Prosocial and Antisocial LifeProTips on Reddit
Natural language processing project delving into the subreddits r/LifeProTips and r/UnethicalLifeProTips.
Read the code on Github here
NLP and API with Reddit
Summary
The LifeProTips subreddit is one of the most popular subreddits in Reddit with over 18.4M members, offering advice, hacks and tips on different aspects of life (family, work, hobbies etc.). It also has multiple offshoots including UnethicalLifeProTips, IllegalLifeProTips and a satire subreddit ShittyLifeProTips.
In this project, we want to investigate the differences between LifeProTips and UnethicalLifeProTips. In their own words, the respective definitions are:
- LPT: Tip that improves your life in one way or another.
- ULPT: Tip that improves your life in a meaningful way, perhaps at the expense of others and/or with questionable legality.
Problem Statement
By building a classification model for the two subreddits, we want to see if we can accurately predict posts for the two subreddits as well as investigate the following:
- We can understand what ‘unethical’ is defined as by society (using the Reddit community as a proxy).
- We can identify if the tips submitted to each subreddit are significantly different in any way, even though both purport to ‘improve lives’.

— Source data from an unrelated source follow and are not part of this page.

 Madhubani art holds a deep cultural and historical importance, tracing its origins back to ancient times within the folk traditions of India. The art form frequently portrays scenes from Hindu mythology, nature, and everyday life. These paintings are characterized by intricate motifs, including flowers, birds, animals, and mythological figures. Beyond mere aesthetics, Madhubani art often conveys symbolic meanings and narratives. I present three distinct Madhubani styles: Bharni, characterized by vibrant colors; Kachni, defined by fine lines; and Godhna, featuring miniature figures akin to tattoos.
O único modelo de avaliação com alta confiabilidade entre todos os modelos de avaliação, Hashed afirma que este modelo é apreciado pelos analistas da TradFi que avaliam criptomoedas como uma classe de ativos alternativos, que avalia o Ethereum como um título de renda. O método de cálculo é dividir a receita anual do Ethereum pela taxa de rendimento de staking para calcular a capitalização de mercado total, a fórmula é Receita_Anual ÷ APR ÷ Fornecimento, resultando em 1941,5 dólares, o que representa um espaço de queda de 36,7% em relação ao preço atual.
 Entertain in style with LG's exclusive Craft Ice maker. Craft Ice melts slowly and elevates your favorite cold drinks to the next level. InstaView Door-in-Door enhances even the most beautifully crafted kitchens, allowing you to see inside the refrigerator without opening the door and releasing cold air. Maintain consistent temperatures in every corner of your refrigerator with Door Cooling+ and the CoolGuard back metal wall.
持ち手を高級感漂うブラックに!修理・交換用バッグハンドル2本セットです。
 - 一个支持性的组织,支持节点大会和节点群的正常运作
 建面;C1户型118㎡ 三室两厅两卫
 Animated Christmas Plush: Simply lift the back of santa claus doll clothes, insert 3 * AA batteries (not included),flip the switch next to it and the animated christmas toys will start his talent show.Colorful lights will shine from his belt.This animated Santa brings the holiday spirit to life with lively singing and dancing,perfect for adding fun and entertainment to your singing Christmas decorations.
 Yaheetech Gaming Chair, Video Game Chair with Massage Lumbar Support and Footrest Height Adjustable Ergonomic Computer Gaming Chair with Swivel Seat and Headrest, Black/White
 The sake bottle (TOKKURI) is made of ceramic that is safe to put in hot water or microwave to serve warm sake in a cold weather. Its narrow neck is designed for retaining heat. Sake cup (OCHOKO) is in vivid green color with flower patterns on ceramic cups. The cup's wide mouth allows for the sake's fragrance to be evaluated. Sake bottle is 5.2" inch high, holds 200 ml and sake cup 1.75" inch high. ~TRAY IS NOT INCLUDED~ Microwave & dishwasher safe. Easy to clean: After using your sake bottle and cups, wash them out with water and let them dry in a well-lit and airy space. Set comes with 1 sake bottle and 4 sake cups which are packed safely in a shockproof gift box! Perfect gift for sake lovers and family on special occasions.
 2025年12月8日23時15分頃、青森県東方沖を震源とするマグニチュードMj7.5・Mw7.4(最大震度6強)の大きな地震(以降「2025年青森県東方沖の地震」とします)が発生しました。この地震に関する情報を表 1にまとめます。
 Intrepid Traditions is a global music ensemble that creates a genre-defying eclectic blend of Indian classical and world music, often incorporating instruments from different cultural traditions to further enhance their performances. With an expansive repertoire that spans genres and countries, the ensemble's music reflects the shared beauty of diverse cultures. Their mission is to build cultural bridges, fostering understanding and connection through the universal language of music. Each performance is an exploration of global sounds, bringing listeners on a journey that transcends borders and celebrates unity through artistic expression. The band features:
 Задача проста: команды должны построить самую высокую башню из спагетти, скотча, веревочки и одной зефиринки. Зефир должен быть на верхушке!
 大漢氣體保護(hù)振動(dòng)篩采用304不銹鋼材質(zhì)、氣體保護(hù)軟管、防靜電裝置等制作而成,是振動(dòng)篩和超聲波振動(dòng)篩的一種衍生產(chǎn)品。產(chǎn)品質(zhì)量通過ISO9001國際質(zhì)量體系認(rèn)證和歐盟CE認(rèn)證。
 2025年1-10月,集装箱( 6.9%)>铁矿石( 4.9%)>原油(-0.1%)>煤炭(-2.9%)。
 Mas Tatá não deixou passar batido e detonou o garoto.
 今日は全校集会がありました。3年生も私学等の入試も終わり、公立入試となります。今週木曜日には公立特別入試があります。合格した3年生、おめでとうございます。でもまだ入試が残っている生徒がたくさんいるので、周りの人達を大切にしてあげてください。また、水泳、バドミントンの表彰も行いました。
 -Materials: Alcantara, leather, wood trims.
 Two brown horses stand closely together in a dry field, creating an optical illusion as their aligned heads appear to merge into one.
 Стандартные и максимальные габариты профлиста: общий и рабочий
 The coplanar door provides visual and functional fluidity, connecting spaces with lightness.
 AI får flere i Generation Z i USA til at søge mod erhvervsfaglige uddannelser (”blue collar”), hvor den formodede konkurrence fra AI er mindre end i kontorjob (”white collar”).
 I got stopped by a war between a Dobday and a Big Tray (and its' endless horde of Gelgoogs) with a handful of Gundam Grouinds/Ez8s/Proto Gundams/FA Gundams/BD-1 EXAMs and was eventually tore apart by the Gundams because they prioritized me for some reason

- As the definition provided by the ULPT subreddit describes anti-social behaviour, we can also seek to understand what constitutes anti-social behaviour.
Project Approach
1. Scraping Reddit
The data was retrieved from our two subreddits r/LifeProTips and r/UnethicalLifeProTips by relying on the requests
. As Reddit’s .json format is conveniently structured like a Python dictionary, we are able to easily extract the information from the website, looping through 25 posts at a time.
To give us enough data in our corpus, the loop was called 40 times for each subreddit, although the request resulted in about 990+ posts for each subreddit rather than 1000.
Below is the code used to add each post from LifeProTips into a list. This was duplicated for UnethicalLifeProTips as well.
1
2
3
4
5
6
7
8
9
10
11
12
13
14
15
16
17
18
19
20
21
22
23
24
25
26
27
28
29
30
31
32
33
34
35
36
37
38
39
40
41
42
43
44
#Set URL for the subreddit, sorting by new.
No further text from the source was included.